Broadcom has announced its new Tomahawk Ultra switch for high-performance computing and AI environments. The network chip achieves a breakthrough with 250ns latency at 51.2 Tbps throughput, making Ethernet more competitive with traditional HPC interconnects.
The Tomahawk Ultra chip completely eliminates packet loss via Link Layer Retry (LLR) and Credit-Based Flow Control (CBFC). LLR detects link errors with Forward Error Correction and automatically retransmits packets, while CBFC prevents buffer overflows. These mechanisms create a lossless Ethernet fabric.
The chip also optimizes Ethernet headers by reducing overhead from 46 to 10 bytes, a 78 percent improvement. These adaptive headers remain fully Ethernet-compliant but dramatically increase network efficiency. For different applications, headers can be customized to specific needs.
The Tomahawk Ultra chip represents a multi-year re-engineering of Ethernet switching by hundreds of engineers. With a latency of just 250 nanoseconds at full throughput of 51.2 Tbps, the chip dispels myths about Ethernet limitations in high-performance environments. The performance is impressive: up to 77 billion packets per second are processed, even with minimum packet sizes of 64 bytes.
A key feature is the ability to perform collective operations, such as AllReduce, Broadcast, and AllGather, directly within the switch chip. Traditionally, these tasks place a heavy load on XPUs, but Tomahawk Ultra takes this over from expensive compute resources. This endpoint-agnostic system works with different architectures and vendor ecosystems.
The chip supports advanced HPC topologies such as Dragonfly, Mesh, and Torus via topology-aware routing.

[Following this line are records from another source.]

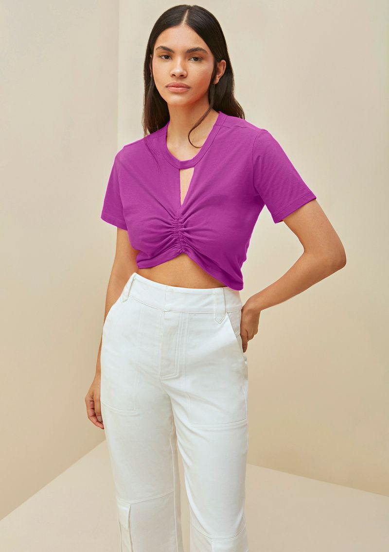 OUTLETLinhasColeçõesRoupasBlusasBlusasBlusa Morena Rosa Decote Redondo Manga Curta Com Amarração Rosa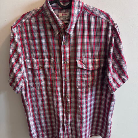 Fjällräven Singi Flannel Shirt langærmet herreskjorte i størrelse XXL. Skjorten er i ternet mønster med nuancer af mørkeblå, hvid og rød. Materialet består af 91 % bomuld og 9 % uld, hvilket giver en blød flannelkvalitet. Modellen er angivet som Comfort Fit og har knaplukning foran samt brystlommer med klap. Skjorten har klassisk krave og Fjällräven-logo på ærmet. Velegnet som hverdags- eller friluftsskjorte i køligere vejr.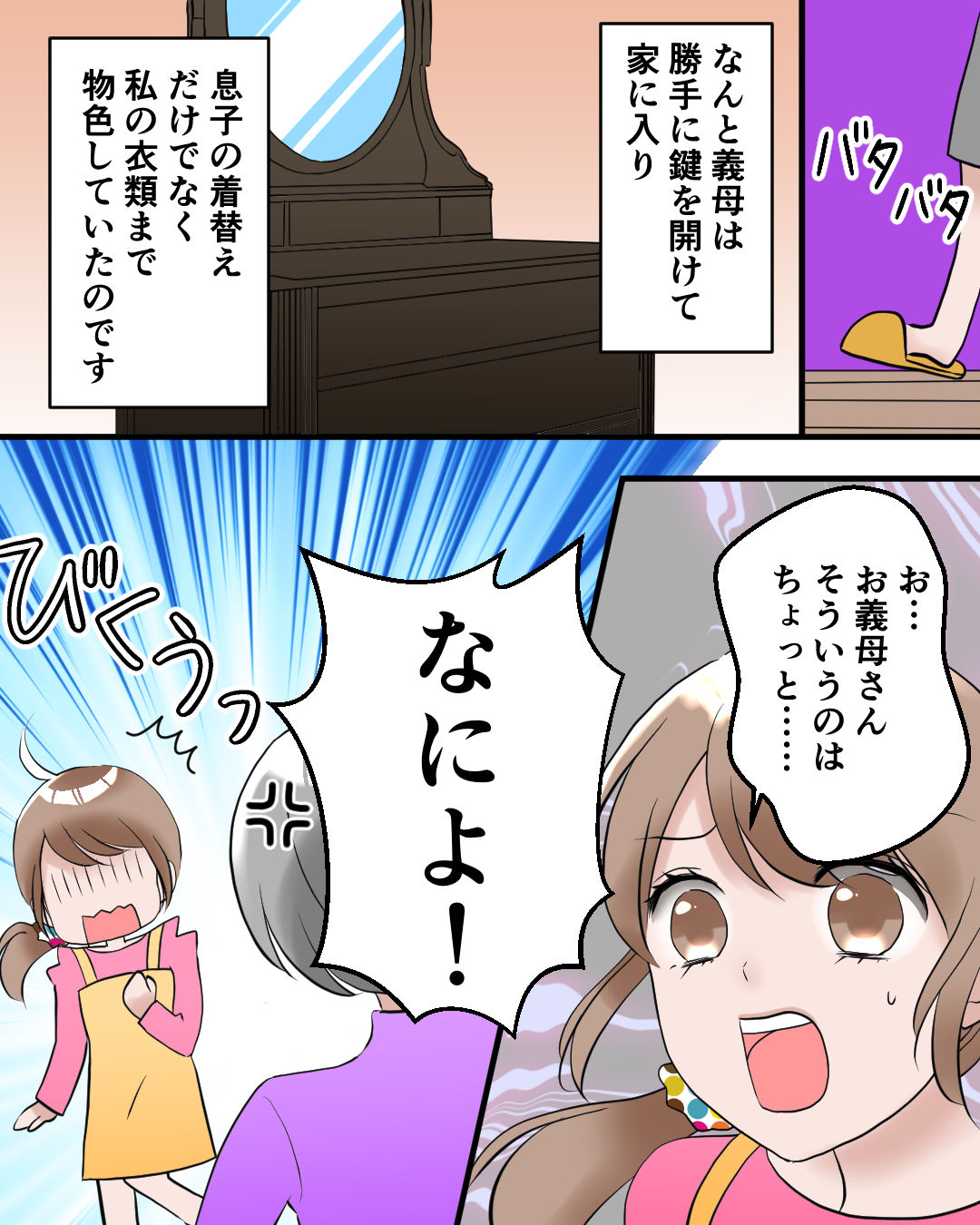 なんと、義母が勝手に玄関の鍵を開けて中に入ってきたのです。しかも息子の着替えだけでなく、私の衣類まで物色するという信じられない行動に出た義母。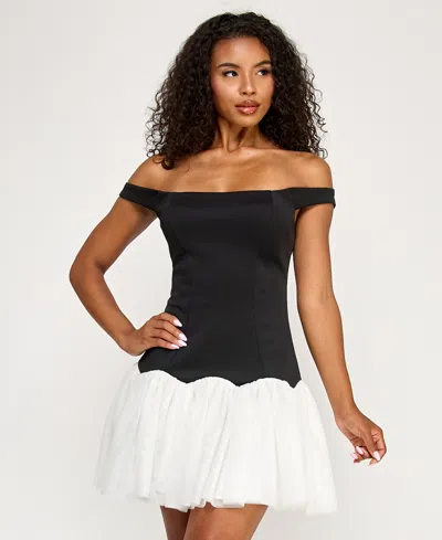 Juniors' Off-the-shoulder Drop-waist Dress In Multi

Compliance with the UEC standard maintains the openness of the rich Ethernet ecosystem.
SUE-Lite and unified architecture
In addition to the full SUE specification, Broadcom introduces SUE-Lite, an optimized version for power- and area-sensitive accelerator applications. This lightweight variant retains the lossless and low-latency characteristics while significantly reducing the silicon footprint and power consumption.
Tomahawk Ultra, together with the 102.4 Tbps Tomahawk 6, forms the basis for a unified Ethernet architecture. This combination supports both scale-up Ethernet for AI and scale-out Ethernet for HPC and distributed workloads.
The chip is 100% pin-compatible with Tomahawk 5, enabling a fast time-to-market. Shipments have already started for deployment in rack-scale AI training clusters and supercomputing environments.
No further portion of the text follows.